Target Has Found the Secret to Getting the Most Out of Its Stores

After revamping its business strategy to focus on creating better cohesion between its brick-and-mortar and digital businesses, Target Corp. is reaping the rewards.

The retailer announced today that its comparable sales during the holiday season — the combined November/December period — grew 3.4 percent, besting the expected range of 0 to 2 percent. Comparable sales across all of the company’s core merchandise categories — Home, Apparel, Food & Beverage, Hardlines and Essentials — were also positive and accelerated from the third quarter, reflecting strong traffic growth, positive store comps and continued growth in digital sales, the company said.

Target has been among the retailers — such as Walmart and department stores Macy’s Inc. and J.C. Penney Co. Inc. — to put aggressive efforts behind redesigning its stores to better support accelerating digital demand ahead the holiday rush. (Macy’s and JCPenney last week also reported growth in their same-store sales, resulting in no small part from a more effective omnichannel strategy.)

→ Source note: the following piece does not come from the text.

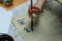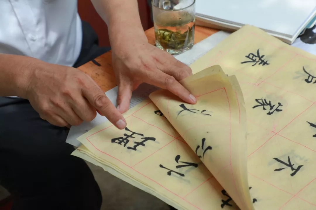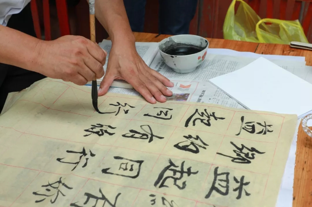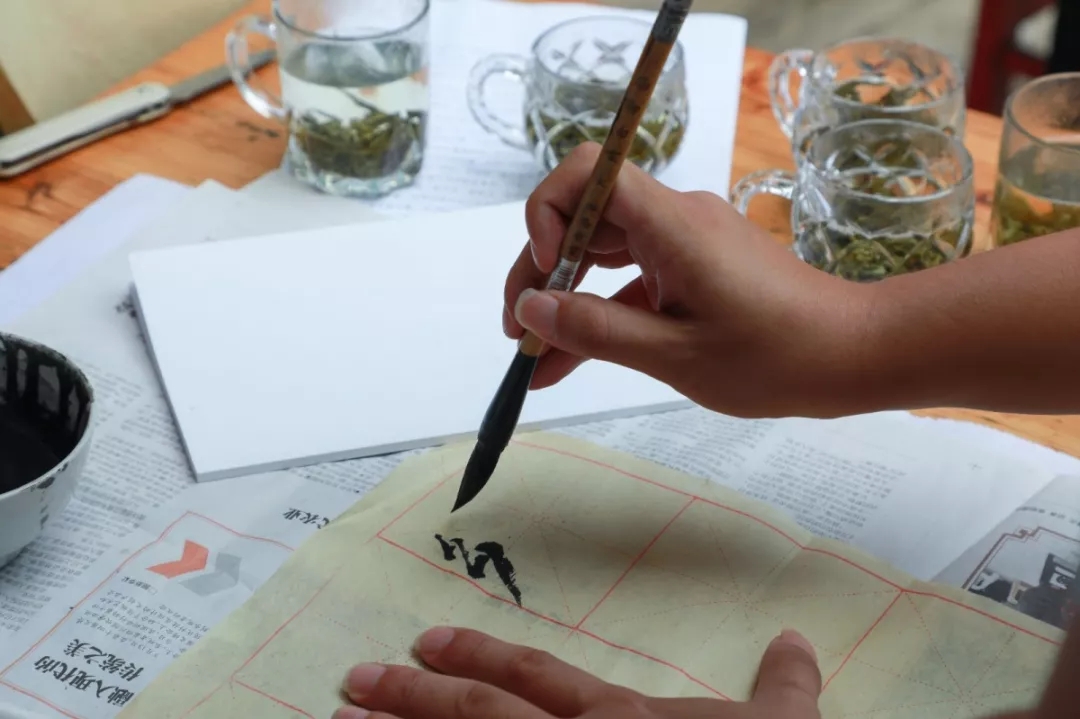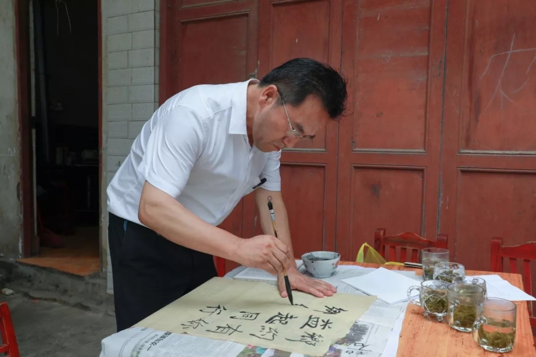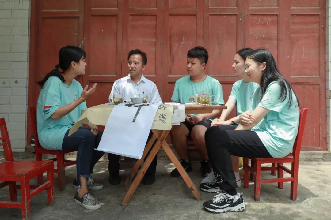 经过中午短暂的休息,团队成员冯好、丁嘉仪前往学校开始了下午的教学活动,团队剩余成员前往王文荣老师家开始了下午的调研活动。王文荣老师对于团队成员的到来表现出了极大的热情,看到团队成员的到来,他选择用书法这一独特的方式迎接。

“We’ve positioned our stores at the center of a continually expanding suite of convenient fulfillment options and made significant investments in our team, which enabled our stores to fulfill 70 percent of all digital orders in the November/December period,” said Target chairman and CEO Brian Cornell. “As we look ahead to 2018, we will build on the foundation we established this year by launching additional exclusive brands, enhancing our digital capabilities, opening approximately 30 small-format stores and tripling the size of our remodel program to more than 325 stores.”

He added, “We will also remain focused on rapidly scaling up new fulfillment options including Same Day Delivery, which will be enabled by our acquisition of Shipt and our recently launched Drive Up service.”

(Small-format stores have also become a new tactic for retailers looking to tap into digital opportunities while holding onto a physical presence. Nordstrom Inc. has launched a similar concept, Nordstrom Local.)

With its digital business booming, Target now expects 2017 will be the fourth consecutive year in which its digital sales grow more than 25 percent.

The retailer also raised its fourth-quarter and full-year guidance — reflecting the benefits of its new strategy as well as perks from federal tax reform — and released a first look at its 2018 expectations.

Target now expects Q4 comparable sales growth in a range around 3.4 percent, consistent with results in the November/December period. This would translate into full-year 2017 comparable sales growth of just over 1 percent. Total sales are expected to grow more than 9 percent in the fourth quarter. Adjusted EPS is forecasted in the range of $1.30 to $1.40, compared with the prior range of $1.05 to $1.25, reflecting expectation reflects a 6- to 8-cent benefit resulting from recently enacted federal tax reform legislation. For full-year 2017, the company expects adjusted EPS of $4.64 to $4.74, compared with prior guidance of $4.40 to $4.60.

For fiscal 2018, the company is planning for a low-single-digit increase in its comparable sales and flat EPS, excluding the benefit of federal tax reform. On an adjusted basis (including the expected benefit from federal tax reform), Target expects adjusted EPS of $5.15 to $5.45.

Target shares were popping in response to the upbeat holiday announcement and upward-adjusted forecasts. As of 11 a.m. ET, the shares were up 2.8 percent to $69.01.